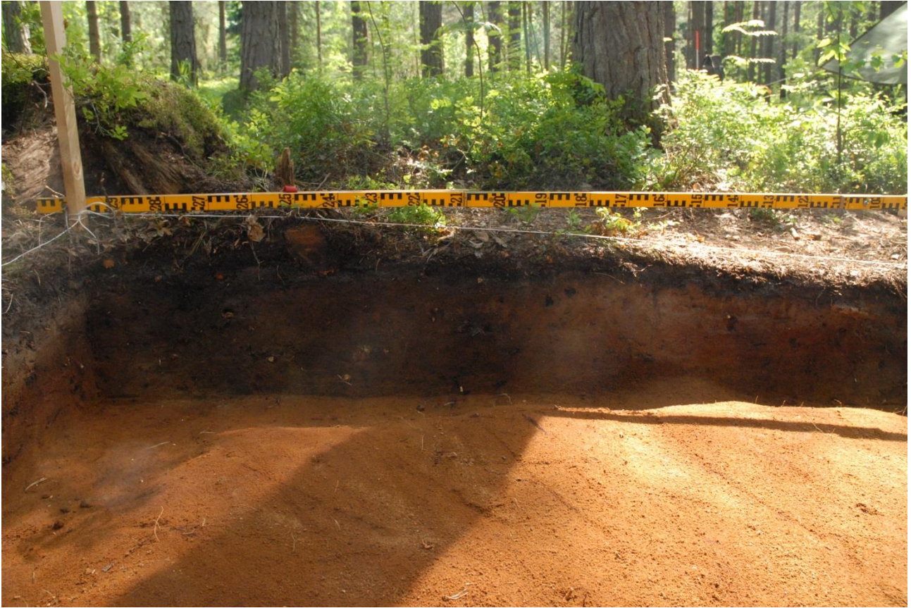
Kuva 201, Kaivausalue 7, profiili 87,00/102,00-105,00, Nstä
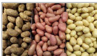
Fig 2 – Variedades de batata-inglesa.
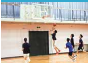
バスケットボール(男子)
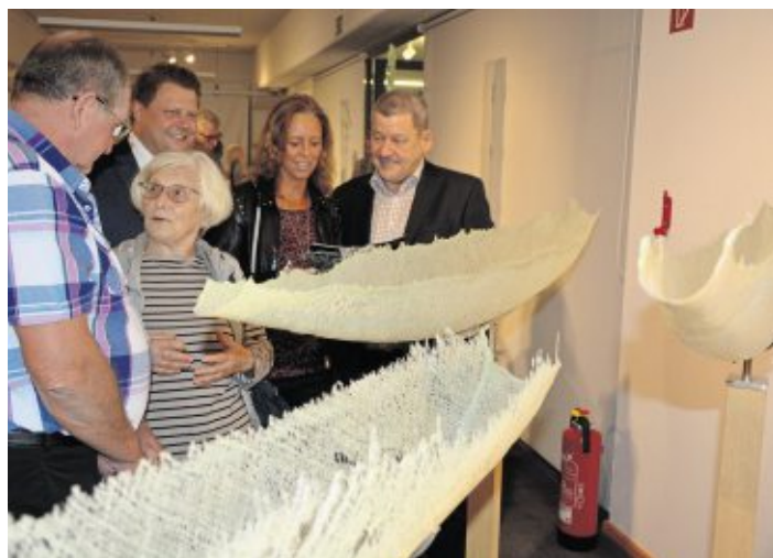
Tolle 27 Kunstwerke von Engelbert Süß gibt es jetzt noch bis zum 5. November im Museum Mitterteich zu bestaunen. (jr)

„Neues Glas, eine Ausstellung, die zu Mitterteich passt“, sagte Bürgermeister Roland Grillmeier gleich bei der Eröffnung. Nicht zuletzt deshalb, weil Engelbert Süß seine Wurzeln in der Zogigl- und Glasstadt hat. „Er ist ein original Nordoberpfälzer, der aber weit über die Region hinaus wirkt“, sagte der Bürgermeister, der dem Künstler ausdrücklich da-
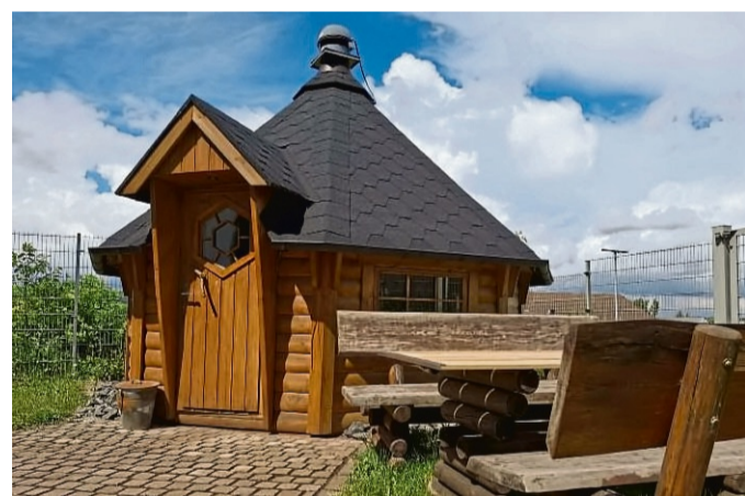
Highlight im Außenbereich bei Angelo: Die Grill-Kota.
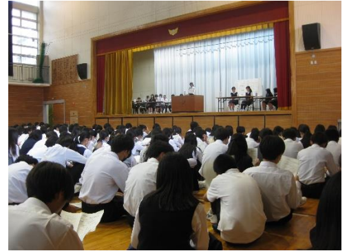
【心地よい緊張感が感じられた生徒総会(5/31)】

1学期も3カ月が経とうとしています。今学期はスタートよりすべての生徒活動をほぼ計画通り順調に行えていることが、何よりも嬉しいです。また、各学年の校外学習を安全に無事終えることができ安堵しているところです。5月の生徒会朝会、生徒総会、そして今月の全校集会も、全校生徒が一堂に会して実施することができました。それぞれの活動や行事からは、その趣旨を踏まえての一体感が感じられ、生徒の皆さんには、引き続きこの（学級や学年、全校での）まとまりを大切にしてもらい、「チーム岡中」として、2大行事（体育祭や文化祭・合唱コンクール）の取組に向かっていくことを大いに期待しています。
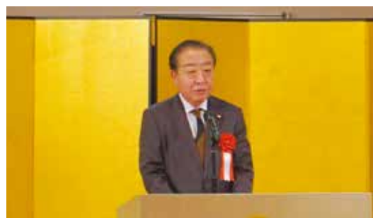
立憲民主党 野田佳彦代表のご祝辞
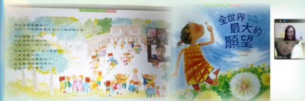
輔導姑娘與學生共讀主題繪本
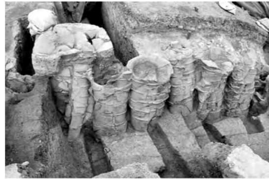
地震で埋没した埴輪列

奈良県天理市にある赤土山古墳で、古墳が造られた当時のままの埴輪列が発見されました。大規模な地震による地滑りが原因で、8mもの範囲にわたって古墳側面が滑落している様子が分かりました。赤土山古墳の周辺は、古代豪族和珥氏の本拠地とされています。和珥氏は応神天皇や雄略天皇など7人の天皇に后妃を輩出した大豪族で、5・6世紀に大和の在地豪族として大きな勢力を誇っていました。
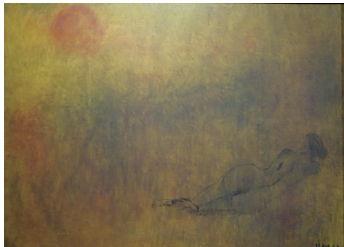
▲ 王攀元《秋思》（西元 1982 年）。

他們生活得非常清苦，有一天王攀元累的一身從碼頭回家，卻見妻病兒哭，家中米缸早已空空如也，他不得不寫了借條向友人借米，沒想到朋友也快斷糧，竟慨然借他一半，令他非常感動。幸好，西元 1952 年他離開當了 3 年工人的鳳山，北上宜蘭任教羅東中學當名美術老師。王攀元雖有固定收入，生活仍是捉襟見肘，總是以破屋、草寮為家，他又如何能料到從此在宜蘭終老，異鄉頓成故鄉，而故鄉仍在天涯海角。
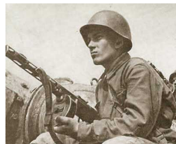
Защитник Отечества в Лысьвенской каске.

Угодники Божие Дмитрий Донской и Александр Невский на защите Отечества нашего. Священная война 1941-1945 годов.
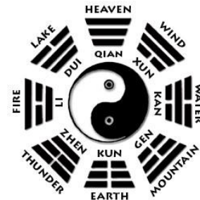
Şekil-002: Kore bayrağı ve 8 dallı sembol

Remil hep DÖRTLEMELERDİR . Danyal ss, der ki, "iri kum karıncalarını ince kumun üzerinde izliyordum, öyle düzenli bir trafikleri vardı ki, onlar çekilince yerdeki izlere baktım. Mucize gibiydi.
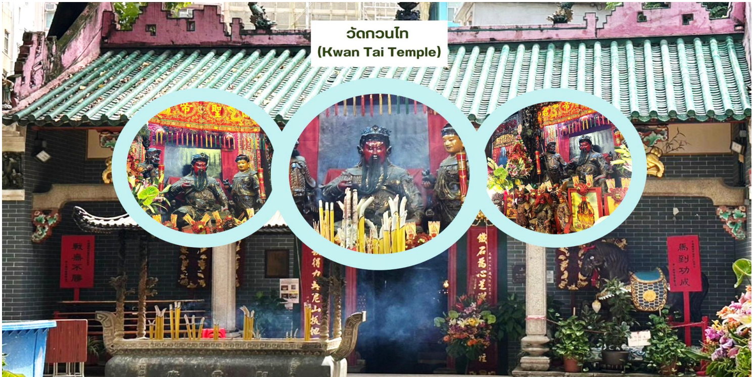
วัดกวนไท (Kwan Tai Temple)

จากนั้นนำท่านเดินทางสู่ วัดกวนไท (Kwan Tai Temple) สร้างขึ้นในปี 1891 เพื่อบูชาเทพเจ้ากวนอู ซึ่งเป็นเทพเจ้าแห่งความซื่อสัตย์ และเปี่ยมไปด้วยคุณธรรม ภายในวัดมีรูปปั้นกวนอูขนาดใหญ่ตั้งอยู่ที่แท่นบูชา มีผู้คนจำนวนมากมาสักการะท่านกวนอูเพื่อขอพรให้ประสบความสำเร็จในธุรกิจ เรื่องความโชคดี โชคลาภ การค้าขาย และการปกป้องคุ้มครอง
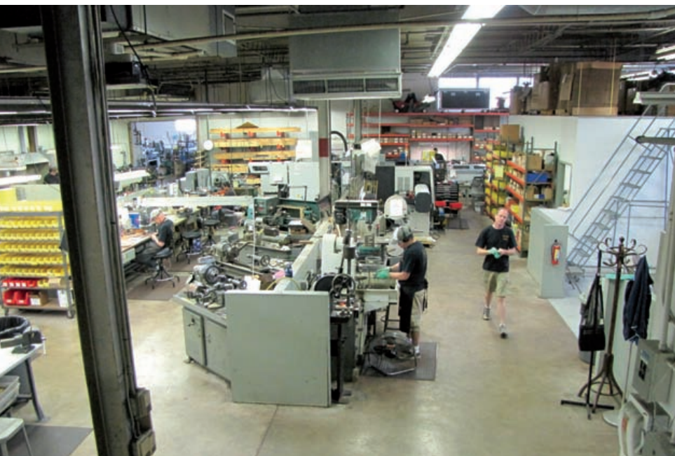
Ausblick mit Überblick: Die Sicht aus dem Büro des Produktionsleiters
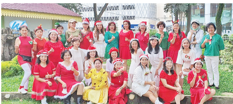
全体队友与教练合照
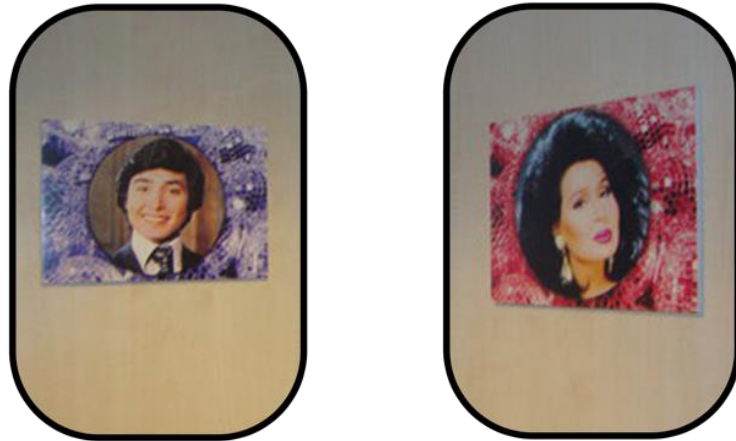
Şekil 9: Bülent Ersoy'un "Erkek" ve "Kadın" Tasvirleri Üzerinden Tuvalet Levhaları
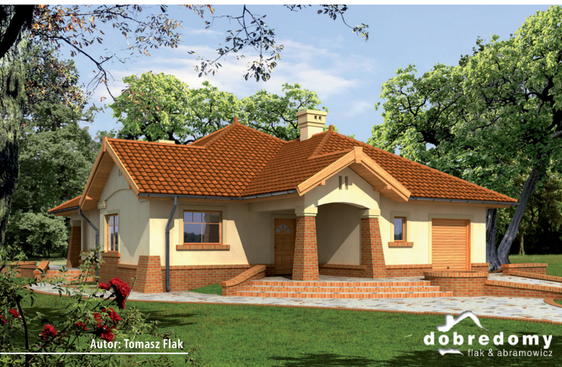
Autor: Tomasz Flak
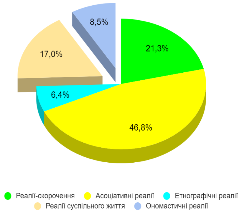
Рис.2.1 Класифікація реалій за категоріями

Дані проведеного аналізу у вигляді таблиці:
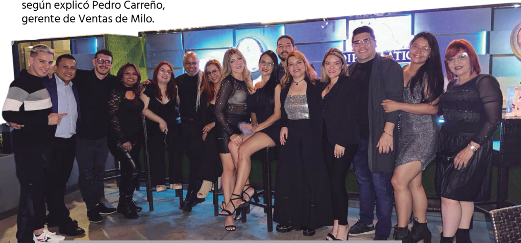
Equipo de mercadeo y técnicos capilares de Milo, responsables del magno evento
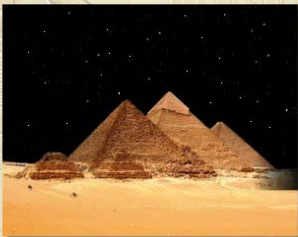
De Sterren boven Egypte
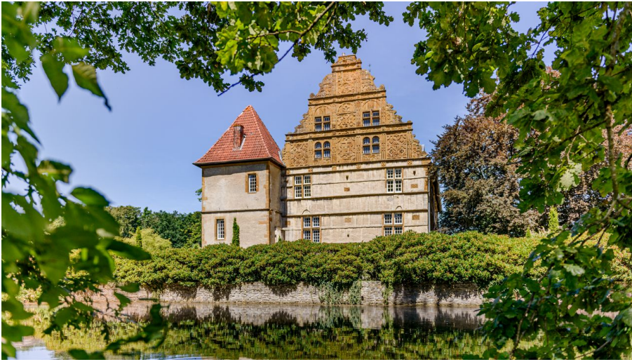
Wasserschloss Holtfeld
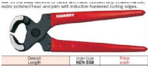
4. คีมปากนกแก้ว
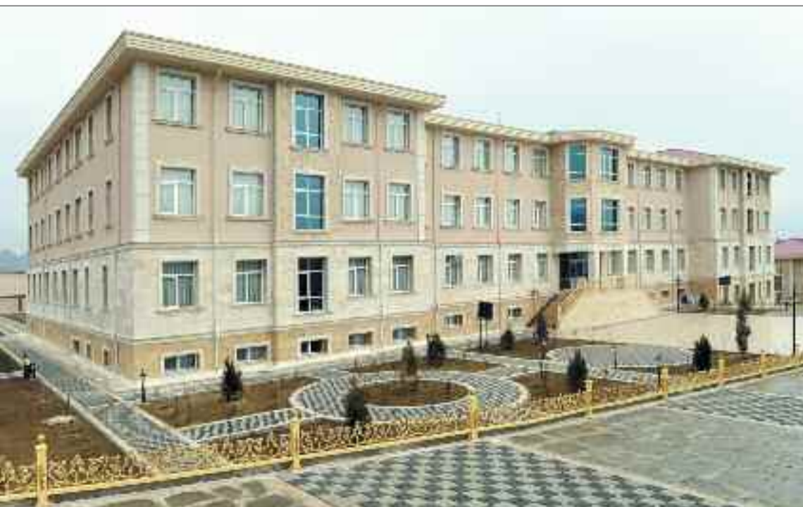
Ordubad şəhərində 810 şagird yerlik 3 nömrəli tam orta məktəb
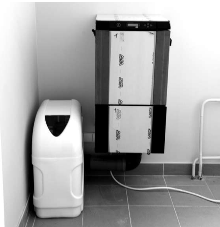
Palaikomojo gydymo ir slaugos paslaugas teikiančiai įstaigai buvo labai reikalinga basonų plovimo ir dezinfekavimo mašina.

Planuojama, kad šių metų liepos mėnesį Troškūnų palaikomojo gydymo ir slaugos ligoninė jau atvers duris ir čia vėl bus pradėtos teikti jau daug kokybiškesnės ir visas normas atitinkančios slaugos ir palaikomojo gydymo paslaugos Anykščių rajono gyventojams.
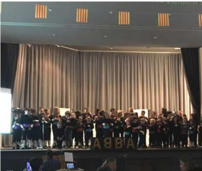
• 23 de març, musical ABBA a la Festa de la ZER a Bovera.
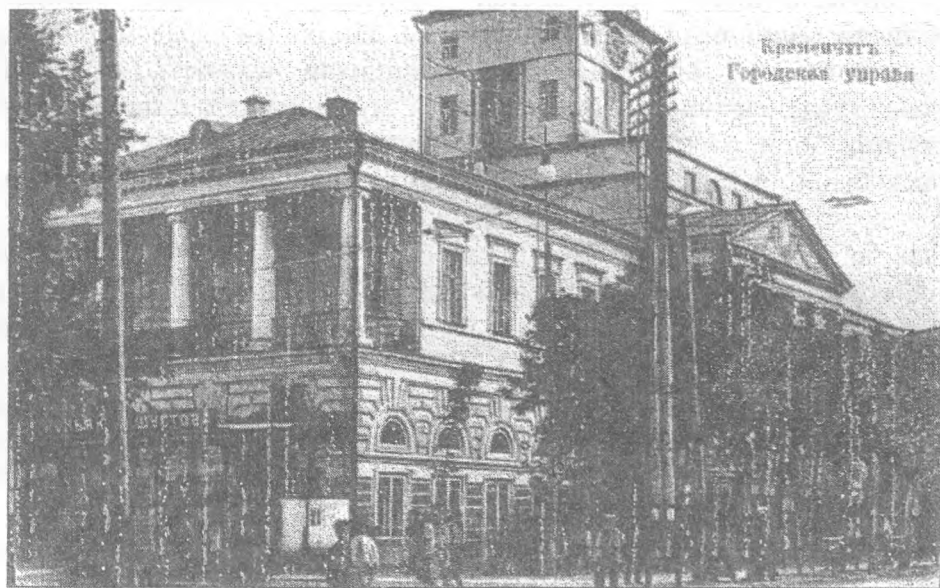
Кременчук, міська управа (листівка початку XX ст.)

робили його попередники, котрі самі суттєво збагачувалися від ярмаркових статків і щедро віддячували губернатора і генерал-губернатора 53 . У Полтаві, яка стала з 1802 р. центром Малоросійського генерал-губернаторства, регіональна влада немало працювала над її благоустроєм, розуміючи, що саме він гарантуватиме прив'язку краю до імперії. Найбільше це їй вдавалося у спорудженні будівель адміністративних установ і навчальних закладів, де мали навчатися діти місцевого дворянства, зокрема кадетського корпусу й інституту шляхетних панянок, велична архітектура яких наочно переконувала у могутності влади Романових.
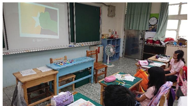
紫絲帶活動推薦的影片觀賞： 達達的超能力
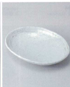
196-402-25 1,000円 錆渦22cm楕円皿 (22×16.5×4) 519510125
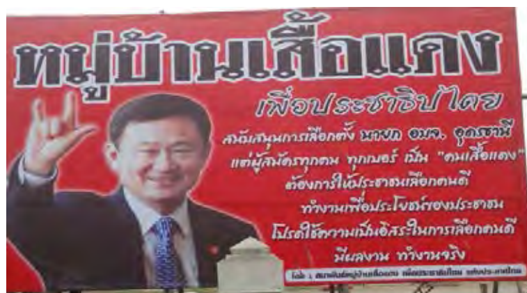
ภาพที่ 12 ป้ายประชาสัมพันธ์ไม่สนับสนุนกลุ่มใดกลุ่มหนึ่งในการเลือกตั้ง อบจ.

◆ ◆ ◆ ◆ ◆

* **Required work**: Excluding the images, copy all of the material above verbatim.

* **Exercise solution**:
Kuva 201, Kaivausalue 7, profiili 87,00/102,00-105,00, Nstä
Fig 2 – Variedades de batata-inglesa.
バスケットボール(男子)
Tolle 27 Kunstwerke von Engelbert Süß gibt es jetzt noch bis zum 5. November im Museum Mitterteich zu bestaunen. (jr)

„Neues Glas, eine Ausstellung, die zu Mitterteich passt“, sagte Bürgermeister Roland Grillmeier gleich bei der Eröffnung. Nicht zuletzt deshalb, weil Engelbert Süß seine Wurzeln in der Zogigl- und Glasstadt hat. „Er ist ein original Nordoberpfälzer, der aber weit über die Region hinaus wirkt“, sagte der Bürgermeister, der dem Künstler ausdrücklich da-
Highlight im Außenbereich bei Angelo: Die Grill-Kota.
【心地よい緊張感が感じられた生徒総会(5/31)】

1学期も3カ月が経とうとしています。今学期はスタートよりすべての生徒活動をほぼ計画通り順調に行えていることが、何よりも嬉しいです。また、各学年の校外学習を安全に無事終えることができ安堵しているところです。5月の生徒会朝会、生徒総会、そして今月の全校集会も、全校生徒が一堂に会して実施することができました。それぞれの活動や行事からは、その趣旨を踏まえての一体感が感じられ、生徒の皆さんには、引き続きこの（学級や学年、全校での）まとまりを大切にしてもらい、「チーム岡中」として、2大行事（体育祭や文化祭・合唱コンクール）の取組に向かっていくことを大いに期待しています。
立憲民主党 野田佳彦代表のご祝辞
輔導姑娘與學生共讀主題繪本
地震で埋没した埴輪列

奈良県天理市にある赤土山古墳で、古墳が造られた当時のままの埴輪列が発見されました。大規模な地震による地滑りが原因で、8mもの範囲にわたって古墳側面が滑落している様子が分かりました。赤土山古墳の周辺は、古代豪族和珥氏の本拠地とされています。和珥氏は応神天皇や雄略天皇など7人の天皇に后妃を輩出した大豪族で、5・6世紀に大和の在地豪族として大きな勢力を誇っていました。
▲ 王攀元《秋思》（西元 1982 年）。

他們生活得非常清苦，有一天王攀元累的一身從碼頭回家，卻見妻病兒哭，家中米缸早已空空如也，他不得不寫了借條向友人借米，沒想到朋友也快斷糧，竟慨然借他一半，令他非常感動。幸好，西元 1952 年他離開當了 3 年工人的鳳山，北上宜蘭任教羅東中學當名美術老師。王攀元雖有固定收入，生活仍是捉襟見肘，總是以破屋、草寮為家，他又如何能料到從此在宜蘭終老，異鄉頓成故鄉，而故鄉仍在天涯海角。
Защитник Отечества в Лысьвенской каске.

Угодники Божие Дмитрий Донской и Александр Невский на защите Отечества нашего. Священная война 1941-1945 годов.
Şekil-002: Kore bayrağı ve 8 dallı sembol

Remil hep DÖRTLEMELERDİR . Danyal ss, der ki, "iri kum karıncalarını ince kumun üzerinde izliyordum, öyle düzenli bir trafikleri vardı ki, onlar çekilince yerdeki izlere baktım. Mucize gibiydi.
วัดกวนไท (Kwan Tai Temple)

จากนั้นนำท่านเดินทางสู่ วัดกวนไท (Kwan Tai Temple) สร้างขึ้นในปี 1891 เพื่อบูชาเทพเจ้ากวนอู ซึ่งเป็นเทพเจ้าแห่งความซื่อสัตย์ และเปี่ยมไปด้วยคุณธรรม ภายในวัดมีรูปปั้นกวนอูขนาดใหญ่ตั้งอยู่ที่แท่นบูชา มีผู้คนจำนวนมากมาสักการะท่านกวนอูเพื่อขอพรให้ประสบความสำเร็จในธุรกิจ เรื่องความโชคดี โชคลาภ การค้าขาย และการปกป้องคุ้มครอง
Ausblick mit Überblick: Die Sicht aus dem Büro des Produktionsleiters
全体队友与教练合照
Şekil 9: Bülent Ersoy'un "Erkek" ve "Kadın" Tasvirleri Üzerinden Tuvalet Levhaları
Autor: Tomasz Flak
Рис.2.1 Класифікація реалій за категоріями

Дані проведеного аналізу у вигляді таблиці:
Equipo de mercadeo y técnicos capilares de Milo, responsables del magno evento
De Sterren boven Egypte
Wasserschloss Holtfeld
4. คีมปากนกแก้ว
Ordubad şəhərində 810 şagird yerlik 3 nömrəli tam orta məktəb
Palaikomojo gydymo ir slaugos paslaugas teikiančiai įstaigai buvo labai reikalinga basonų plovimo ir dezinfekavimo mašina.

Planuojama, kad šių metų liepos mėnesį Troškūnų palaikomojo gydymo ir slaugos ligoninė jau atvers duris ir čia vėl bus pradėtos teikti jau daug kokybiškesnės ir visas normas atitinkančios slaugos ir palaikomojo gydymo paslaugos Anykščių rajono gyventojams.
• 23 de març, musical ABBA a la Festa de la ZER a Bovera.
Кременчук, міська управа (листівка початку XX ст.)

робили його попередники, котрі самі суттєво збагачувалися від ярмаркових статків і щедро віддячували губернатора і генерал-губернатора 53 . У Полтаві, яка стала з 1802 р. центром Малоросійського генерал-губернаторства, регіональна влада немало працювала над її благоустроєм, розуміючи, що саме він гарантуватиме прив'язку краю до імперії. Найбільше це їй вдавалося у спорудженні будівель адміністративних установ і навчальних закладів, де мали навчатися діти місцевого дворянства, зокрема кадетського корпусу й інституту шляхетних панянок, велична архітектура яких наочно переконувала у могутності влади Романових.
紫絲帶活動推薦的影片觀賞： 達達的超能力
196-402-25 1,000円 錆渦22cm楕円皿 (22×16.5×4) 519510125
ภาพที่ 12 ป้ายประชาสัมพันธ์ไม่สนับสนุนกลุ่มใดกลุ่มหนึ่งในการเลือกตั้ง อบจ.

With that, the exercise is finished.